Task objective — I'd like the entries repeated exactly, pictures omitted.

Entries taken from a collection
- Opening Delimiter -

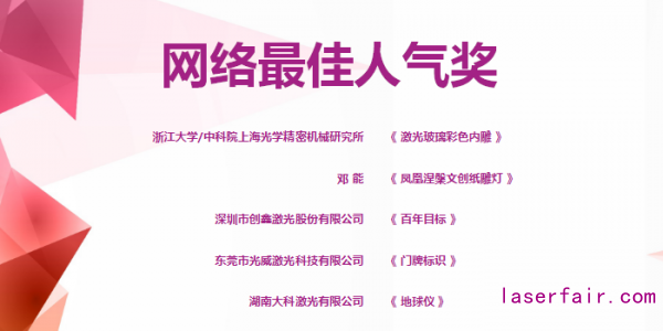 其中,浙江大學/中科院上海光學精密機械研究所邱建榮的作品《激光玻璃彩色內雕》因其高超的技術含量、廣泛的用途、精美細致的工藝等優勢攏聚超高人氣,成為最大贏家,榮獲本次激光文創大賽的金獎、網絡最佳人氣獎、現場最佳人氣獎三大獎項。
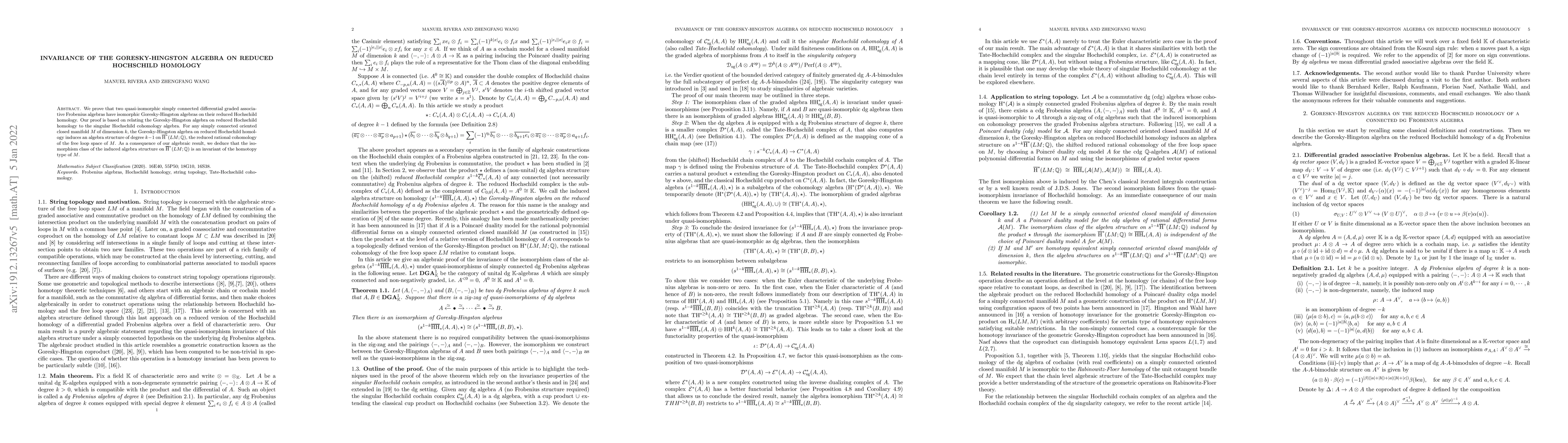 We prove that two quasi-isomorphic simply connected differential graded associative Frobenius algebras have isomorphic Goresky-Hingston algebras on their reduced Hochschild homology. Our proof is based on relating the Goresky-Hingston algebra on reduced Hochschild homology to the singular Hochschild cohomology algebra. For any simply connected oriented closed manifold $M$ of dimension $k$, the Goresky-Hingston algebra on reduced Hochschild homology induces an algebra structure of degree $k-1$ on $\bar{H}^*(LM;\mathbb{Q})$, the reduced rational cohomology of the free loop space of $M$. As a consequence of our algebraic result, we deduce that the isomorphism class of the induced algebra structure on $\bar{H}^*(LM;\mathbb{Q})$ is an invariant of the homotopy type of $M$.
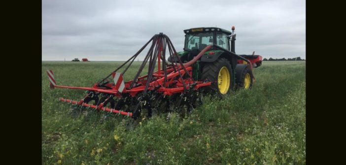 Drills will include Ryetech’s Ma/Ag SSP low disturbance disc drill, which has a 3-6m working width and can deliver seed only or seed and fertiliser. It has independent floating coulters with minimum 250kg pressure and individual depth control for even sowing depth across the full width of the drill. Its coulters are staggered alternately between front and back to operate effectively without risk of blocking in thick cover crops.
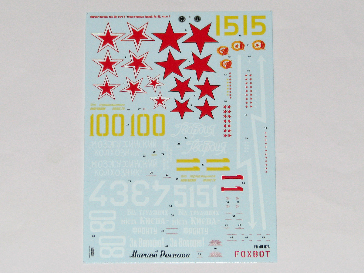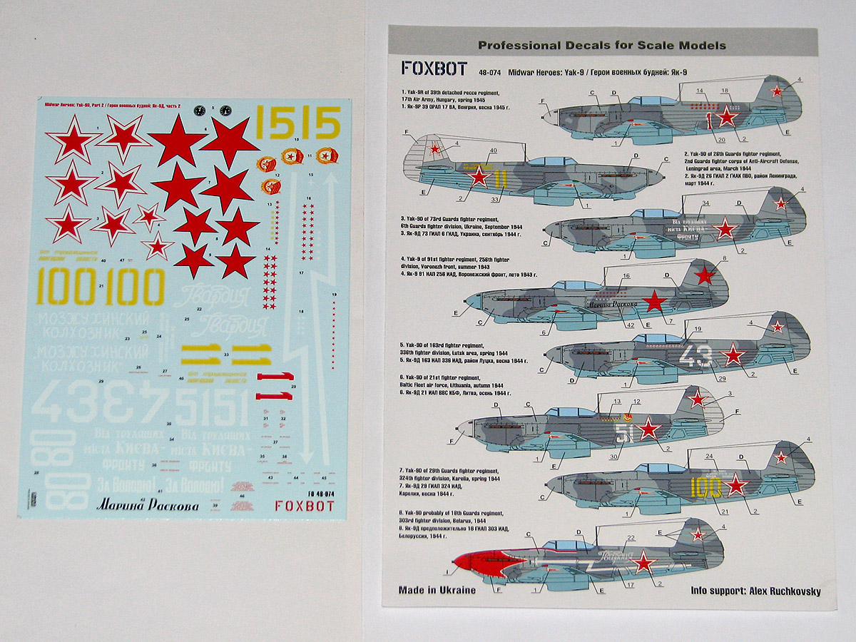 Foxbot Decals - 1/48 Soviet interceptor and fighter aircraft Yakovlov Yak-9 Midwar Heroes, Part 2
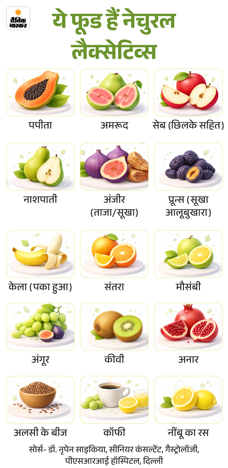 जवाब- नेचुरल लैक्सेटिव वो फाइबर रिच फूड होते हैं, जो पेट को साफ रखने में मदद करते हैं। ग्राफिक में नेचुरल लैक्सेटिव की लिस्ट देखिए-
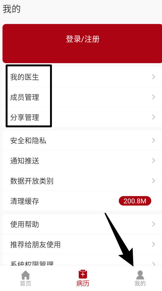 4、在我的界面中,可以查看我的医生、成员管理和分享管理等功能,方便进行个性化的账户管理及信息共享。
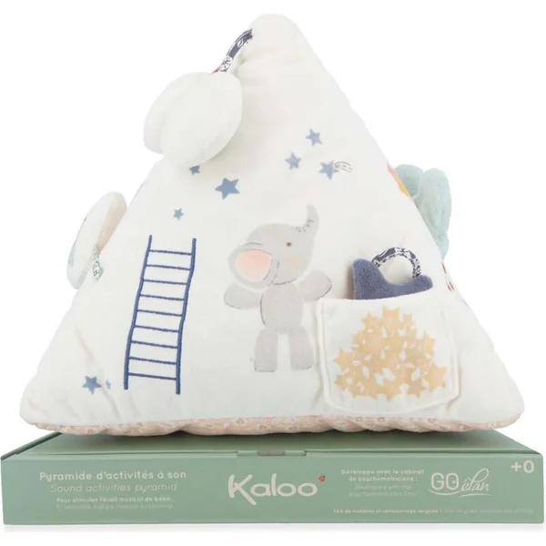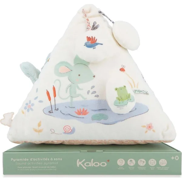 Cette pyramide avec activités sonores fait partie de la collection Petites Chansons de Kaloo : une gamme dédiée à l’éveil sonore, développée en collaboration avec une équipe de thérapeutes psychomoteurs et composée de différents sons pour stimuler l’enfant.
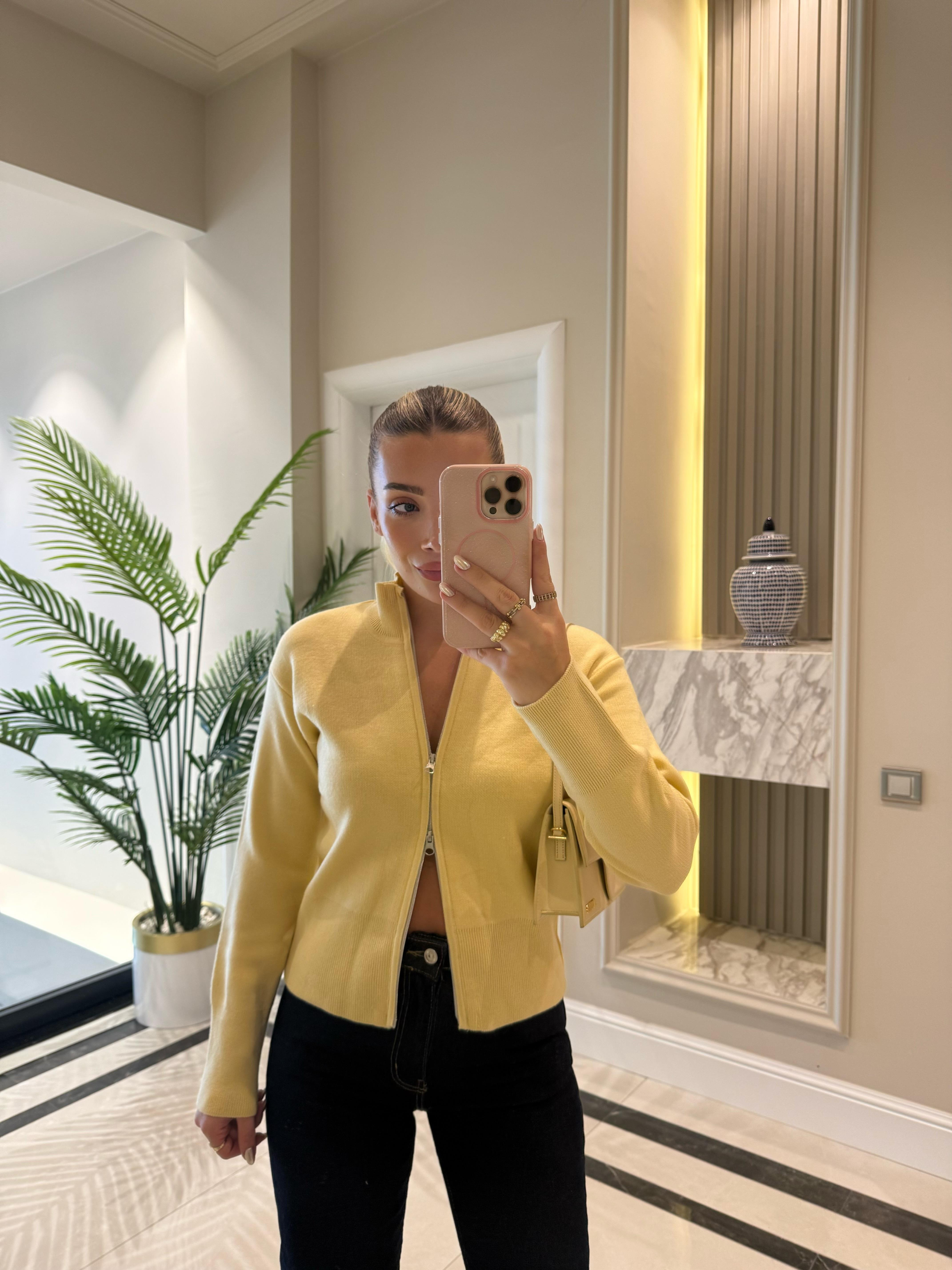 Sarı Fermuarlı Dik Yakalı Hırka-1042
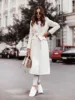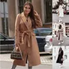 Chaqueta de lana con cinturón para mujer, abrigo de lana de manga larga con cuello en V, mezcla de lana, traje Popular, novedad de invierno
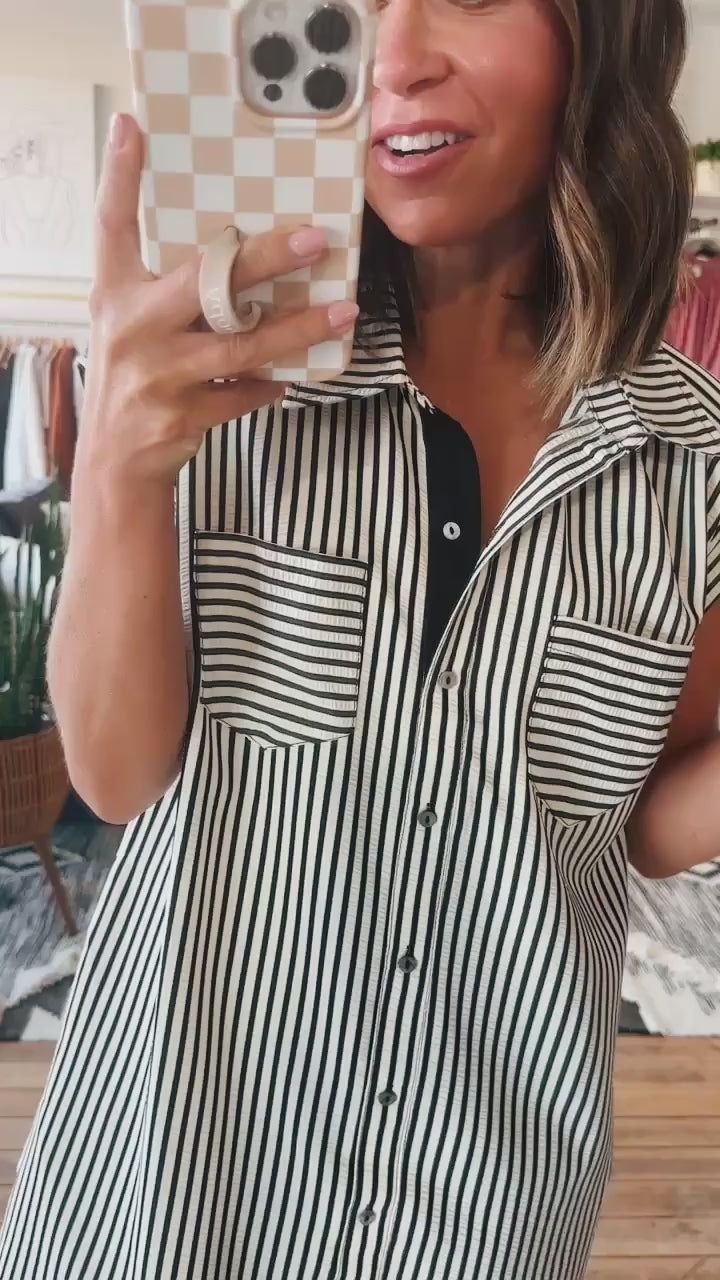 Elevate your wardrobe with this sophisticated black and white striped button-down shirt dress. Designed for effortless style, it features crisp vertical stripes and a classic button-down front for a tailored look. The versatile silhouette balances comfort and refinement, perfect for both professional settings and chic weekend outings.
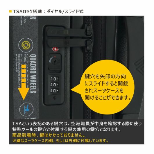荷物が多いなら、ポリカーボネート製シェル成形のクアドロ28がおすすめです。TSA(米国運輸保安局)承認のジッパーロックと YKK?の Fuzion?ジッパーを搭載しているので、防犯性が高く、信頼がおけるうえ、独自のクアドロ球体ホイールによって、究極の4輪機動力を実現しています。
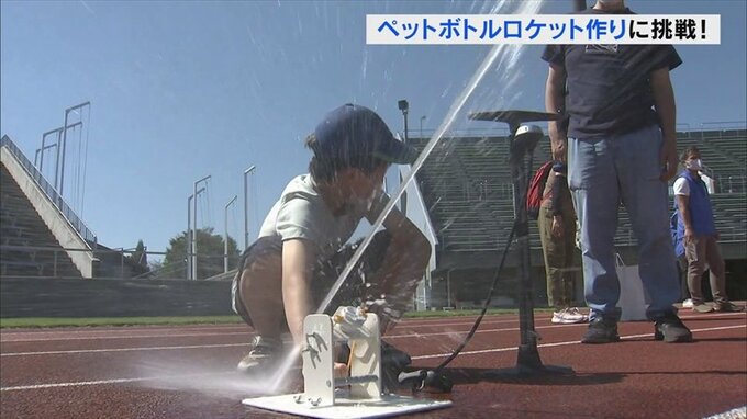 そして、1.5ℓサイズのペットボトルを使い、水と空気で飛ぶロケットを制作。

- Closing Delimiter -

Reply —
 其中,浙江大學/中科院上海光學精密機械研究所邱建榮的作品《激光玻璃彩色內雕》因其高超的技術含量、廣泛的用途、精美細致的工藝等優勢攏聚超高人氣,成為最大贏家,榮獲本次激光文創大賽的金獎、網絡最佳人氣獎、現場最佳人氣獎三大獎項。
 We prove that two quasi-isomorphic simply connected differential graded associative Frobenius algebras have isomorphic Goresky-Hingston algebras on their reduced Hochschild homology. Our proof is based on relating the Goresky-Hingston algebra on reduced Hochschild homology to the singular Hochschild cohomology algebra. For any simply connected oriented closed manifold $M$ of dimension $k$, the Goresky-Hingston algebra on reduced Hochschild homology induces an algebra structure of degree $k-1$ on $\bar{H}^*(LM;\mathbb{Q})$, the reduced rational cohomology of the free loop space of $M$. As a consequence of our algebraic result, we deduce that the isomorphism class of the induced algebra structure on $\bar{H}^*(LM;\mathbb{Q})$ is an invariant of the homotopy type of $M$.
 Drills will include Ryetech’s Ma/Ag SSP low disturbance disc drill, which has a 3-6m working width and can deliver seed only or seed and fertiliser. It has independent floating coulters with minimum 250kg pressure and individual depth control for even sowing depth across the full width of the drill. Its coulters are staggered alternately between front and back to operate effectively without risk of blocking in thick cover crops.
 Foxbot Decals - 1/48 Soviet interceptor and fighter aircraft Yakovlov Yak-9 Midwar Heroes, Part 2
 जवाब- नेचुरल लैक्सेटिव वो फाइबर रिच फूड होते हैं, जो पेट को साफ रखने में मदद करते हैं। ग्राफिक में नेचुरल लैक्सेटिव की लिस्ट देखिए-
 4、在我的界面中,可以查看我的医生、成员管理和分享管理等功能,方便进行个性化的账户管理及信息共享。
 Cette pyramide avec activités sonores fait partie de la collection Petites Chansons de Kaloo : une gamme dédiée à l’éveil sonore, développée en collaboration avec une équipe de thérapeutes psychomoteurs et composée de différents sons pour stimuler l’enfant.
 Sarı Fermuarlı Dik Yakalı Hırka-1042
 Chaqueta de lana con cinturón para mujer, abrigo de lana de manga larga con cuello en V, mezcla de lana, traje Popular, novedad de invierno
 Elevate your wardrobe with this sophisticated black and white striped button-down shirt dress. Designed for effortless style, it features crisp vertical stripes and a classic button-down front for a tailored look. The versatile silhouette balances comfort and refinement, perfect for both professional settings and chic weekend outings.
荷物が多いなら、ポリカーボネート製シェル成形のクアドロ28がおすすめです。TSA(米国運輸保安局)承認のジッパーロックと YKK?の Fuzion?ジッパーを搭載しているので、防犯性が高く、信頼がおけるうえ、独自のクアドロ球体ホイールによって、究極の4輪機動力を実現しています。
 そして、1.5ℓサイズのペットボトルを使い、水と空気で飛ぶロケットを制作。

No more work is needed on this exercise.